To accommodate the company’s rapid pace of growth, Natural Grocers has been looking at recycling used retail space — former bookstores, for example, or vacated buildings in community strip centers.

“The nice thing about having a small, flexible footprint is that that are a lot of really good opportunities out there,” Lewis explained. “We work closely with economic development commissions, reviving especially those urban strip centers that just didn’t make it thru the ’80s and ’90s very successfully.”

With the simple store format — Natural Grocers stores lack extensive food-prep areas and other features often found in larger supermarkets — Lewis said the company can often open stores for $2 million or so, and turn around the spaces with a few months. That compares to $10 to $20 million and a construction period of a year or more form a typical supermarket.

Meanwhile the company is continuing to report strong financial returns on its investments as well. In the fiscal second quarter, comparable-store sales rose 10.6% — expressed as a daily average to remove the impact of two extra days in this year’s quarter — the company said earlier this month.

Net income grew 29.5% to $3.2 million in the second quarter, on a 25.4% increase in sales, to $106.5 million. On a pro forma basis — reflecting the acquisition of a controlling interest in a group that operated five of its stores as if that had happened before last year’s second quarter — net income rose 20.6% in this year’s quarter.
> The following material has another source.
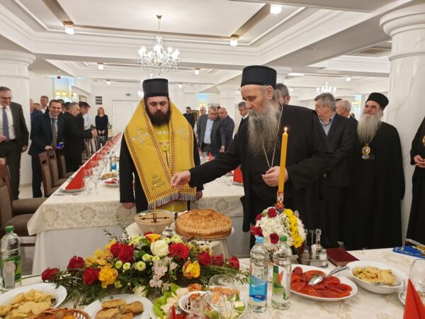 Послије свете Литургије, у сали Светосавско-парохијског дома Петропавловског храма у Бијељини, уприличено је послужење за сав присутан народ који је том приликом Преосвећеном Владици упутио најсрдачије честитке поводом Његове крсне славе.
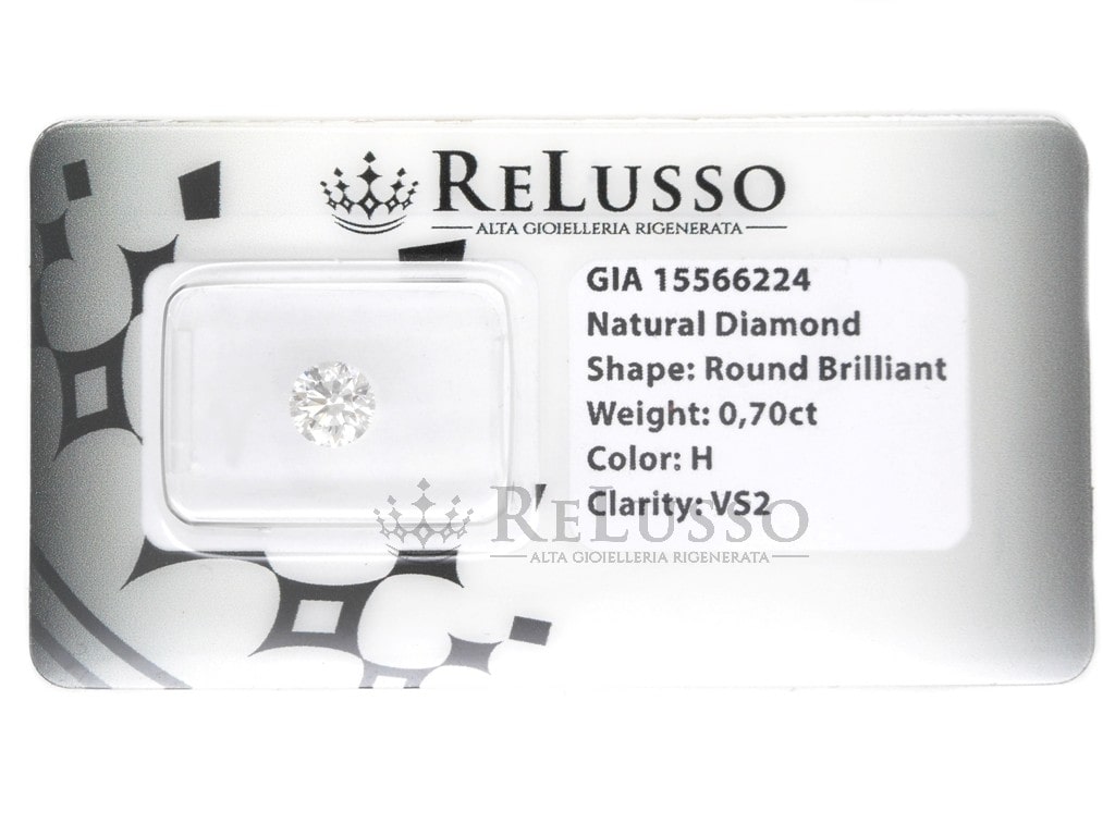 Diamant rond de 0,70 ct, taille brillant, emballé sous blister, couleur H, pureté VS2 Certifié par le GIA (Gemological Institute of America).

Gross margin decreased to 29.9% of sales during the second quarter, vs. 30.2% in the second quarter of fiscal 2012, due to a shift in product mix toward products with slightly lower margins, partially offset by purchasing improvements, the company said.

Through the first half, net income rose 56.5% over year-ago results, to $5.4 million, on a 26.6% increase in sales, to $202.3 million. Daily average comps in the first half were up 11.6%, reflecting a 6.6% increase in transactions and a 4.7% increase in transaction size.

During the second quarter, Natural Grocers opened four new stores, bringing the total store count to 65 locations in 13 states. It plans to open 13 stores in fiscal year 2013, and it opened its first store of the third quarter in Kalispell, Mont. It also plans to expand the size of two older stores.

Leases have been signed for locations in Idaho Falls, Idaho; Shawnee and Topeka, Kan.; Omaha, Neb.; Tulsa, Okla.; Beaverton, Bend, Gresham and Salem, Ore.; and Wichita Falls, Texas.

“The real estate portfolio is looking very nice for 2014,” said Isely during the conference call discussing second-quarter results. “We pretty much have most of our real estate selected for 2014, already and are just in various stages of negotiations for leases on those sites.”